## Model overview

`marigold` is a diffusion model developed by adirik for monocular depth estimation. It uses a unique fine-tuning protocol to perform high-quality depth prediction from a single image. Compared to similar models like [`stylemc`](https://aimodels.fyi/models/replicate/stylemc-adirik), [`gfpgan`](https://aimodels.fyi/models/replicate/gfpgan-tencentarc), [`bunny-phi-2-siglip`](https://aimodels.fyi/models/replicate/bunny-phi-2-siglip-adirik), [`real-esrgan`](https://aimodels.fyi/models/replicate/real-esrgan-nightmareai), and [`realvisxl-v4.0`](https://aimodels.fyi/models/replicate/realvisxl-v40-adirik), `marigold` focuses specifically on the task of monocular depth estimation.
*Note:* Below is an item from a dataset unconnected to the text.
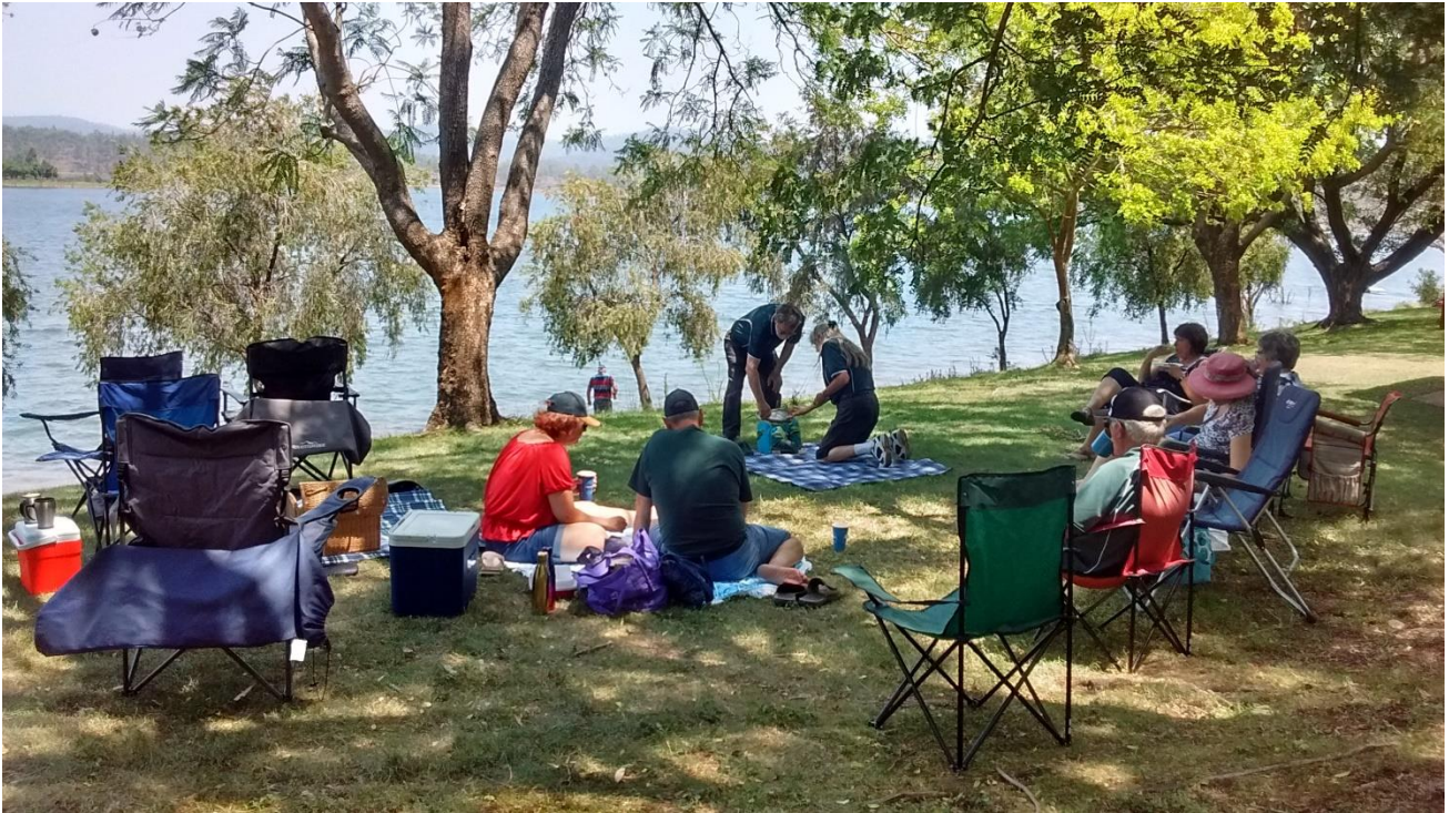
Members in total relaxation mode at the very beautiful Cania – told you it was a glorious spot!

## Model inputs and outputs

`marigold` takes an RGB or grayscale image as input and produces two depth map outputs - one grayscale and one spectral. The depth maps represent the estimated distance of each pixel from the camera, which can be useful for a variety of computer vision and 3D applications.

### Inputs
- **image:** RGB or grayscale input image for the model, use an RGB image for best results.
- **resize_input:** whether to resize the input image to max resolution of 768 x 768 pixels, default to `True`.
- **num_infer:** number of inferences to be performed. if >1, multiple depth predictions are ensembled. A higher number yields better results but runs slower.
- **denoise_steps:** number of inference denoising steps, more steps results in higher accuracy but slower inference speed.
- **regularizer_strength:** ensembling parameter, weight of optimization regularizer.
- **reduction_method:** ensembling parameter, method to merge aligned depth maps. Choose between `["mean", "median"]`.
- **max_iter:** ensembling parameter, max number of optimization iterations.
- **seed:** (optional) seed for reproducibility, set to random if left as `None`.

### Outputs
- **Two depth map images** - one grayscale and one spectral, representing the estimated distance of each pixel from the camera.

## Capabilities

`marigold` is capable of producing high-quality depth maps from a single input image. This can be useful for a variety of computer vision tasks such as 3D reconstruction, object detection and segmentation, and augmented reality applications.

## What can I use it for?

The depth maps generated by `marigold` can be used in a wide range of applications, such as:

- **3D reconstruction:** Combine multiple depth maps to create 3D models of scenes or objects.
- **Object detection and segmentation:** Use the depth information to better identify and localize objects in an image.
- **Augmented reality:** Integrate the depth maps into AR applications to create more realistic and immersive experiences.
- **Robotics and autonomous vehicles:** Use the depth information for tasks like obstacle avoidance, navigation, and scene understanding.

## Things to try

One interesting thing to try with `marigold` is to experiment with the different ensembling parameters, such as `num_infer`, `denoise_steps`, `regularizer_strength`, and `reduction_method`. By adjusting these settings, you can find the optimal balance between inference speed and depth map quality for your specific use case.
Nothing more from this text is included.